■ **Task to complete**
A word-for-word copy of the records that follow is needed, with every picture omitted.

** Opening Data block **

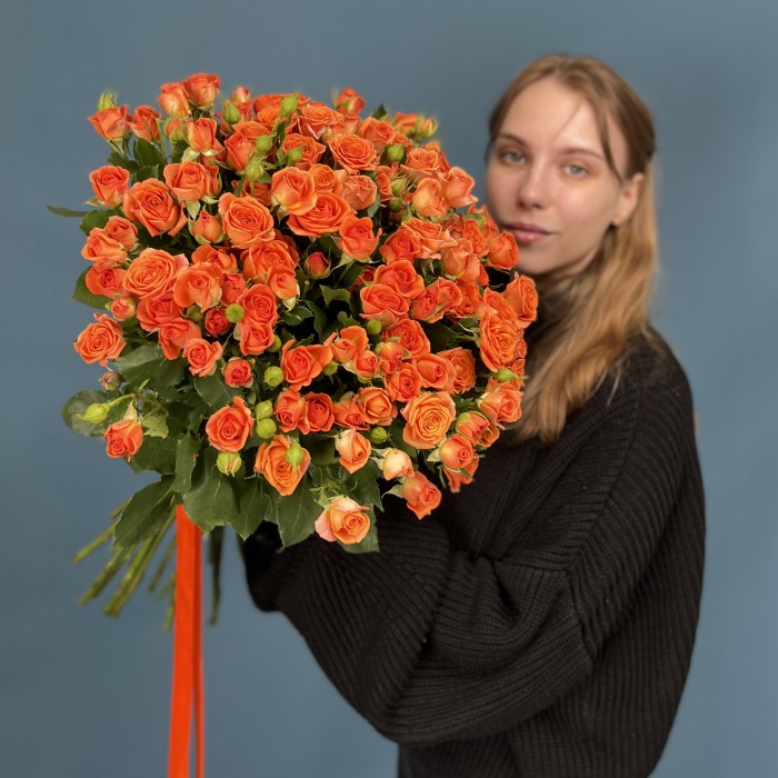 Букет из 25 кустовых оранжевых роз сорта Чарминг Бейби высотой 50 см — это роскошная и выразительная композиция, которая привлекает внимание своей яркостью и насыщенностью.
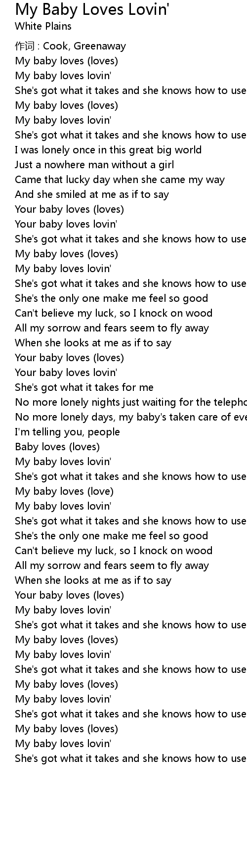 My baby loves lovin lyrics. When Im gone steady going. All My Loving is a song by the English rock band the Beatles from their second UK album With the Beatles 1963. My sexy love So sexy She makes the hairs on the back of my neck stand up Just one touch And I erupt like a volcano and cover her with my love.
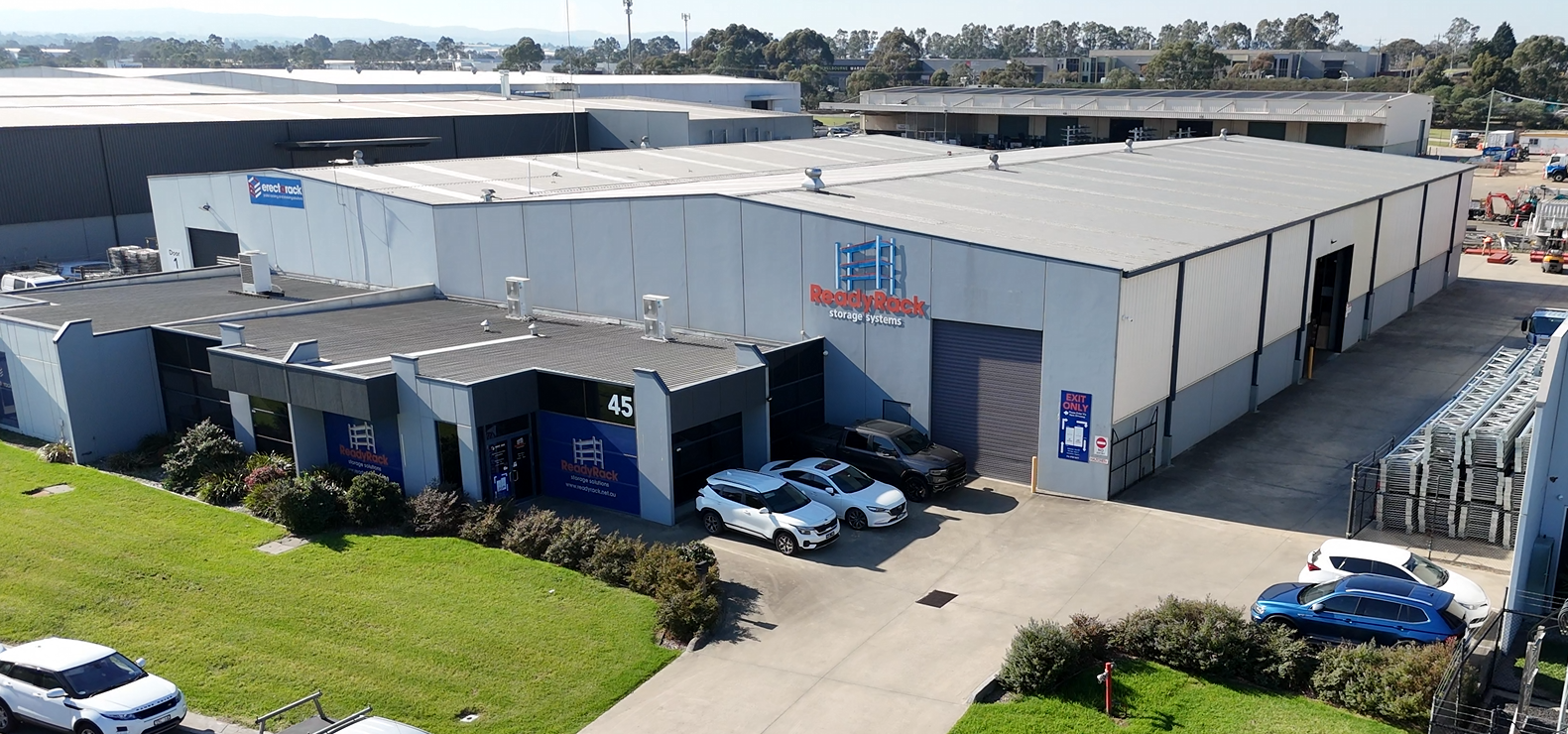 ReadyRack warehouse with 'Australia Wide Shipping' logo on a clear blue sky background
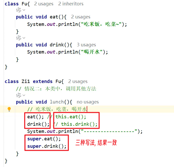 书写规则: 把多个子类中共性的成员方法抽取到父类中(抽取共性)
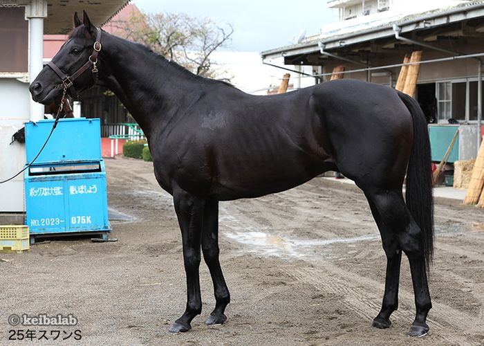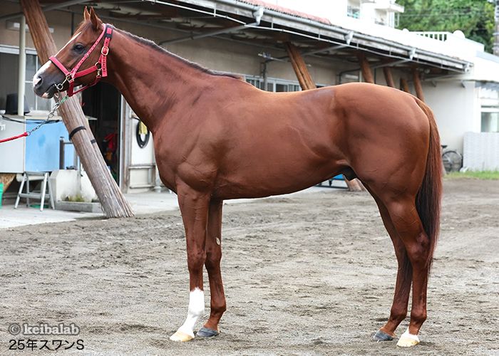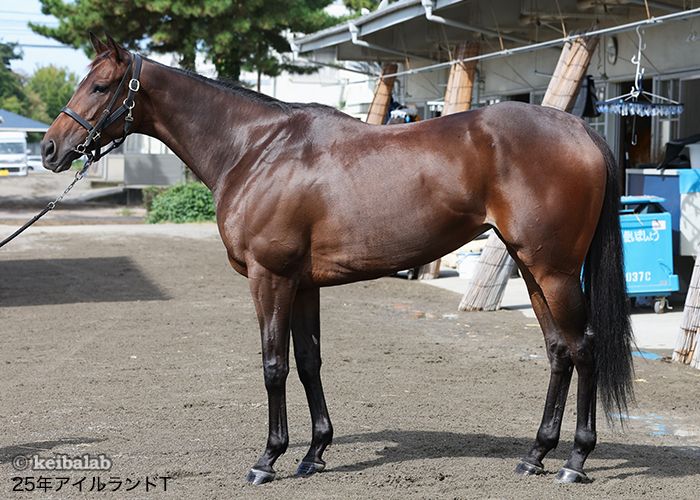 父シルバーステート譲りで筋肉量が豊富。トモの横幅が広く、良質なスピードとパワーを秘めている。ガッシリとした胴詰まりの体型で、短距離志向が強い。高速決着は好材料も1800mへの延長で脚の使いどころはポイント。ムダ肉の付きづらいタイプということもあるが、今回も腹周りはスッキリ引き締まっている。比較的大柄な体格でも緩さは感じさせず、筋肉はパンと張っていて見栄えがする。今回もいい状態で出走できそう。
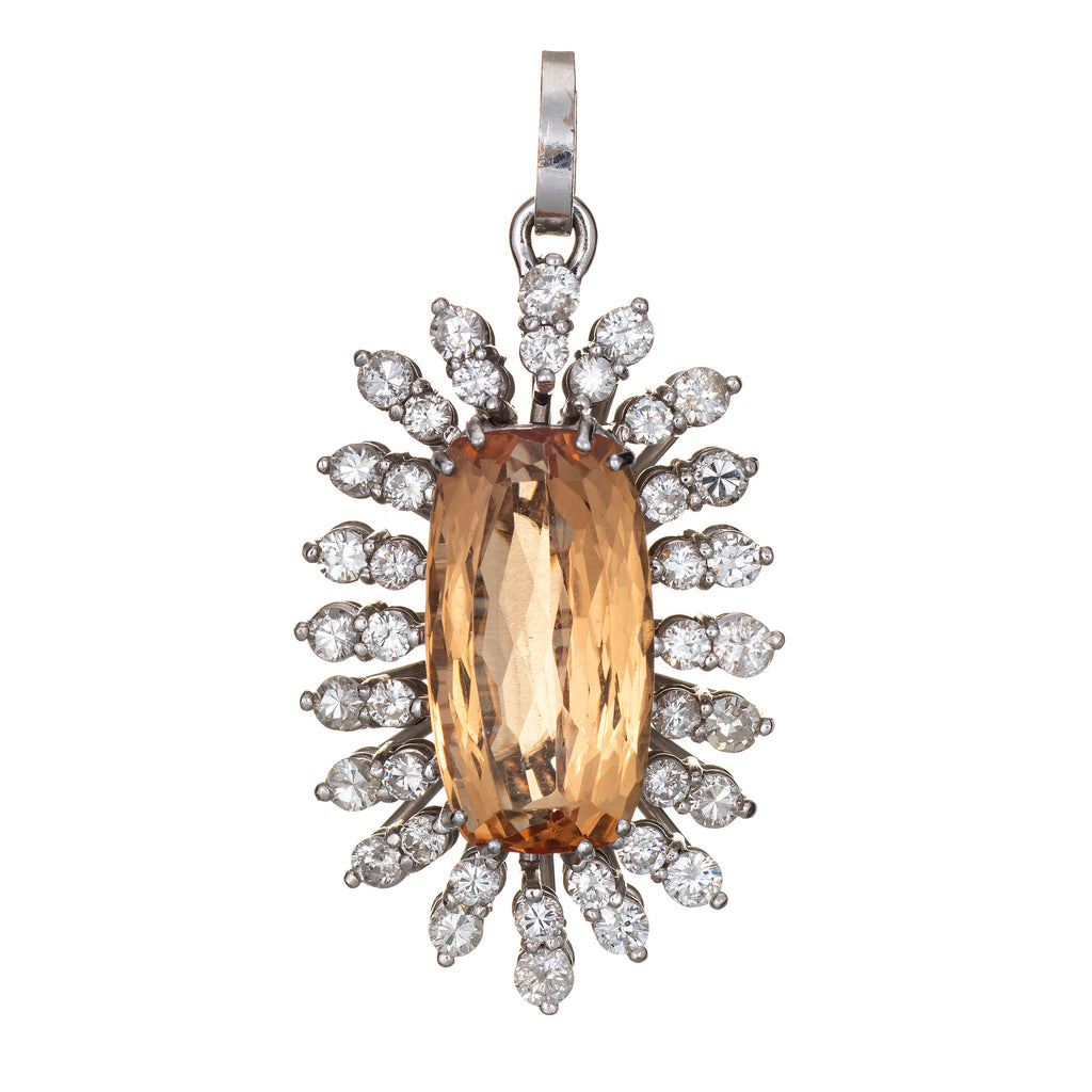 Forty full cut round diamonds, total weight apprx. 2.00ct, G-H/VS-I1 qualities, good cuts. The natural precious imperial topaz glows in the secure four pronged setting, flaked with 2 carats of shimmering diamonds. The statement piece is ideal worn alone or layered with your fine jewelry from any era.
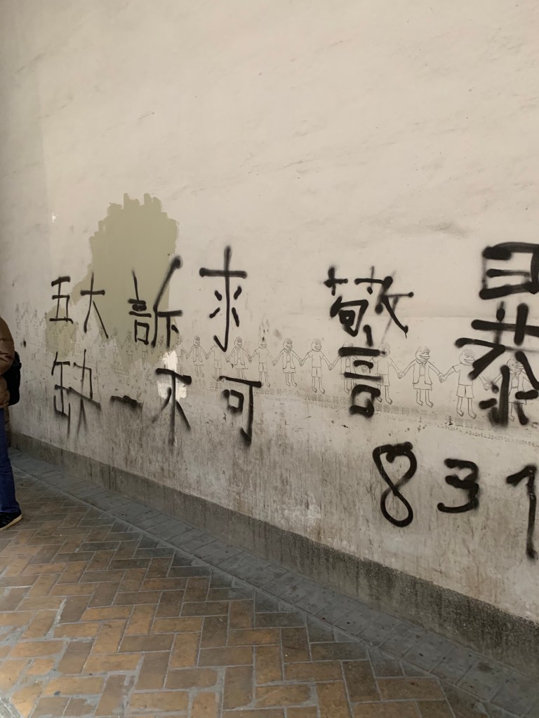 市民が主張する五大要求の落書き。人々が手を携えている。ジョン・レノンの名前を取って、レノン・ウォールと呼ばれる場所
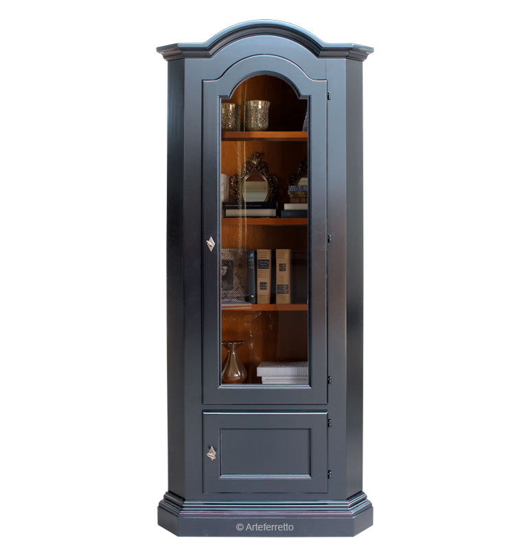 Eckschrank mit Glastür und dekorierter Tür
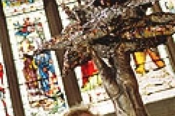 Nick Elphick with his sculpture Man and Nature at the Cathedral Steel exhibition at Sheffield Cathedral. Works by students at Sheffield Hallam and Loughborough universities were commissioned by...
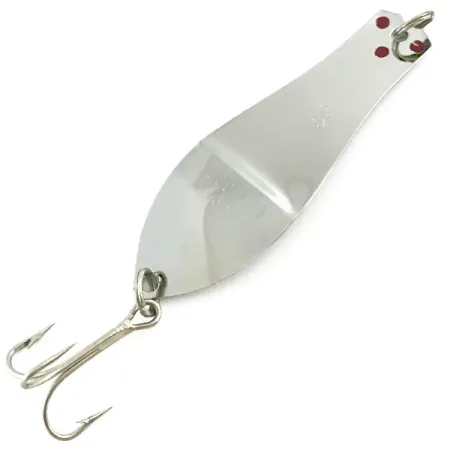 Una nervadura central estampada define el perfil de esta cucharilla de curricán, distinguiéndola de los modelos estándar más gruesos de la gama. Este ejemplar de Prescott Spinner, conocido como Thin Doctor 165 (Código de producto 5682), mide 6,5 cm (2 1/2") y pesa unos ligeros 4 g (1/8 oz). Con un acabado en níquel brillante, el cuerpo metálico presenta tres puntos rojos distintos situados cerca de la anilla abierta superior, lo que proporciona un acento visual localizado contra la superficie reflectante. Fabricado en EE. UU., el señuelo está diseñado específicamente para el curricán, donde se prefiere un perfil metálico más fino. El hardware incluye un anzuelo triple limpio unido mediante una anilla abierta en el borde posterior. En un estado 5/5, el niquelado mantiene un brillo intenso en toda su forma de gota alargada.
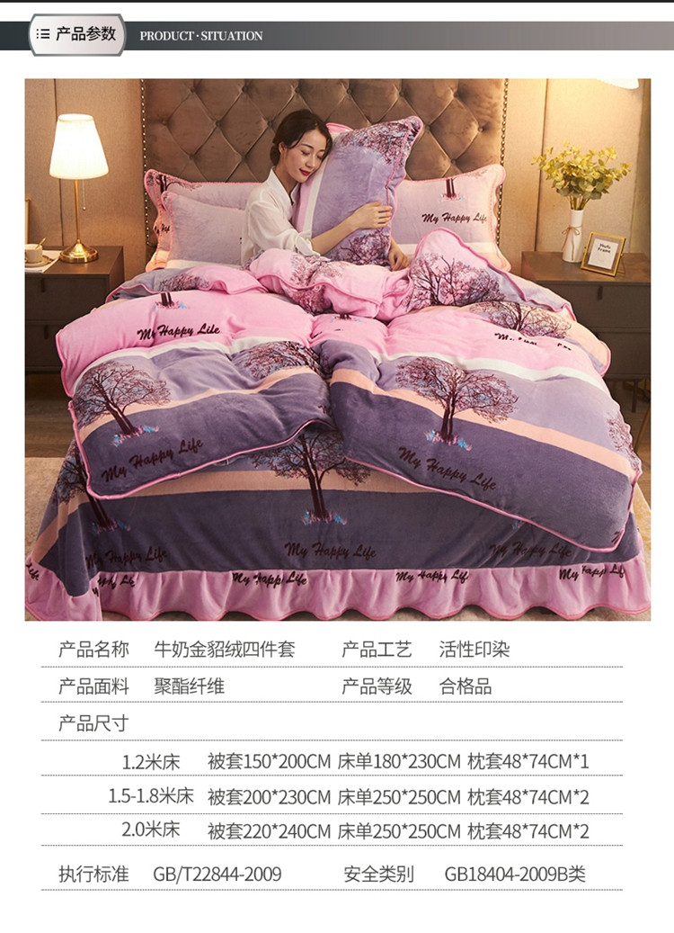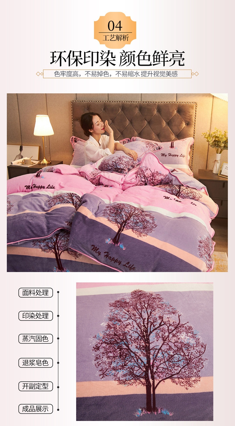 商品名称:爱洛牛奶绒宝宝绒水晶绒法莱绒金貂绒四件套 幸福树
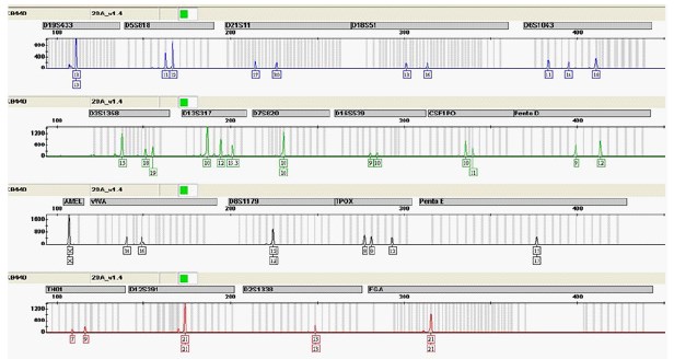 某肿瘤防治中心委托一株细胞鉴定是否存在交叉污染现象,我们采用20个基因座系统检测,如图所示:
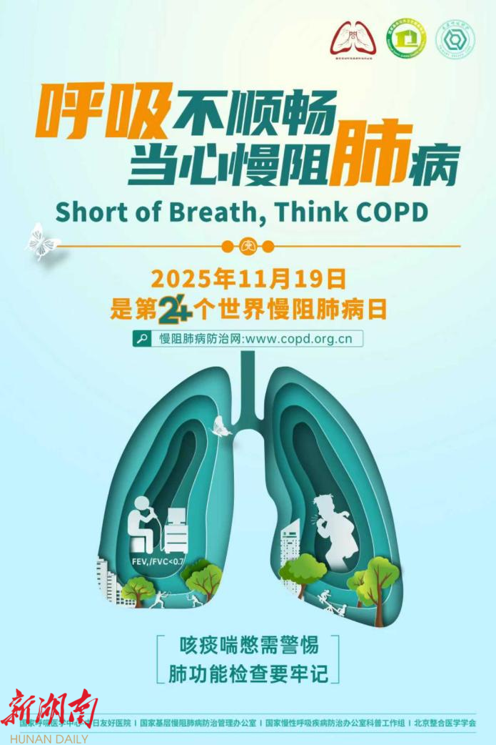 2025 年 11 月 19 日是第 24 个世界慢阻肺日,今年的主题是“呼吸不顺畅,当心慢阻肺病”。

** Closing Data block **

■ **Result for this exercise**
 Букет из 25 кустовых оранжевых роз сорта Чарминг Бейби высотой 50 см — это роскошная и выразительная композиция, которая привлекает внимание своей яркостью и насыщенностью.
 My baby loves lovin lyrics. When Im gone steady going. All My Loving is a song by the English rock band the Beatles from their second UK album With the Beatles 1963. My sexy love So sexy She makes the hairs on the back of my neck stand up Just one touch And I erupt like a volcano and cover her with my love.
 ReadyRack warehouse with 'Australia Wide Shipping' logo on a clear blue sky background
 书写规则: 把多个子类中共性的成员方法抽取到父类中(抽取共性)
 父シルバーステート譲りで筋肉量が豊富。トモの横幅が広く、良質なスピードとパワーを秘めている。ガッシリとした胴詰まりの体型で、短距離志向が強い。高速決着は好材料も1800mへの延長で脚の使いどころはポイント。ムダ肉の付きづらいタイプということもあるが、今回も腹周りはスッキリ引き締まっている。比較的大柄な体格でも緩さは感じさせず、筋肉はパンと張っていて見栄えがする。今回もいい状態で出走できそう。
 Forty full cut round diamonds, total weight apprx. 2.00ct, G-H/VS-I1 qualities, good cuts. The natural precious imperial topaz glows in the secure four pronged setting, flaked with 2 carats of shimmering diamonds. The statement piece is ideal worn alone or layered with your fine jewelry from any era.
 市民が主張する五大要求の落書き。人々が手を携えている。ジョン・レノンの名前を取って、レノン・ウォールと呼ばれる場所
 Eckschrank mit Glastür und dekorierter Tür
 Nick Elphick with his sculpture Man and Nature at the Cathedral Steel exhibition at Sheffield Cathedral. Works by students at Sheffield Hallam and Loughborough universities were commissioned by...
 Una nervadura central estampada define el perfil de esta cucharilla de curricán, distinguiéndola de los modelos estándar más gruesos de la gama. Este ejemplar de Prescott Spinner, conocido como Thin Doctor 165 (Código de producto 5682), mide 6,5 cm (2 1/2") y pesa unos ligeros 4 g (1/8 oz). Con un acabado en níquel brillante, el cuerpo metálico presenta tres puntos rojos distintos situados cerca de la anilla abierta superior, lo que proporciona un acento visual localizado contra la superficie reflectante. Fabricado en EE. UU., el señuelo está diseñado específicamente para el curricán, donde se prefiere un perfil metálico más fino. El hardware incluye un anzuelo triple limpio unido mediante una anilla abierta en el borde posterior. En un estado 5/5, el niquelado mantiene un brillo intenso en toda su forma de gota alargada.
 商品名称:爱洛牛奶绒宝宝绒水晶绒法莱绒金貂绒四件套 幸福树
 某肿瘤防治中心委托一株细胞鉴定是否存在交叉污染现象,我们采用20个基因座系统检测,如图所示:
 2025 年 11 月 19 日是第 24 个世界慢阻肺日,今年的主题是“呼吸不顺畅,当心慢阻肺病”。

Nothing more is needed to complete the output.